- Developing generative models to overcome difficulties in modeling complex interface structures.
- Aiming to understand the nature of short-range order of alloys in hydrogen environments to provide new insight into hydrogen embrittlement.
- Developing predictive models of the coupled magnetic and structural phase transformations in magnetic shape memory alloys.
- Characterizing wide-band gap materials using first-principles approaches.
- Investigating the link between vibrational dynamics and superionic diffusion.
- Modeling disordered systems to investigate defects in energy materials.
- High-throughput screening of novel thermoelectrics.
- Designing computational workflows to screen promising thermoelectric materials.

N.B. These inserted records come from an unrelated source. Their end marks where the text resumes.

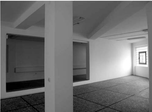
12. Državni arhiv Rijeka, Vodovodna ulica 2, Rijeka, aluminijska prozorska bravarija, sačuvani podni taraco
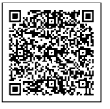
能登半島地震 支援関係
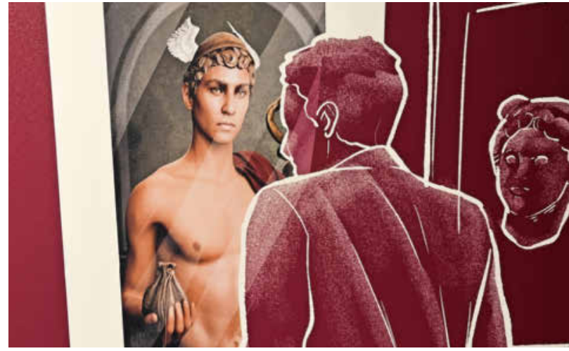
Im IPAI-Besucherzentrum wird Merkur als Avatar zum Leben erweckt – kann sich bewegen und Fragen beantworten.
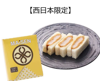
【西日本限定】 ヒレかつサンドハニーマスタード 3切 462円(税込価格)(本体価格420円)
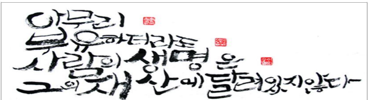
[ 서예가 이수현(베르나르도·69·성남대리구 도척본당)씨 작품. 루카복음 12 장 15 절 내용 ]
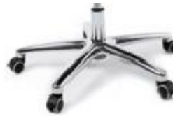
Base opción aluminio pulido

- Using few-shot and generative machine learning methods to accelerate materials design.
Background
The group focuses on fundamental problems at the intersection of materials science, mechanics, and condensed matter physics. They use computation, modeling, and simulation to gain insight into the predictive relationships between structure and function, enabling materials discovery, design, and optimization. Their interests include materials for energy conversion and storage, thermoelectrics, solid oxide fuel and electrolysis cells, and wide band gap semiconductors for power electronics.
Miscellany
The group is dedicated to providing a welcoming, respectful, and inclusive environment. They value strong relationships, mentoring, close collaboration, and diverse perspectives as they work towards creating a sustainable and healthy future through robust, transparent science.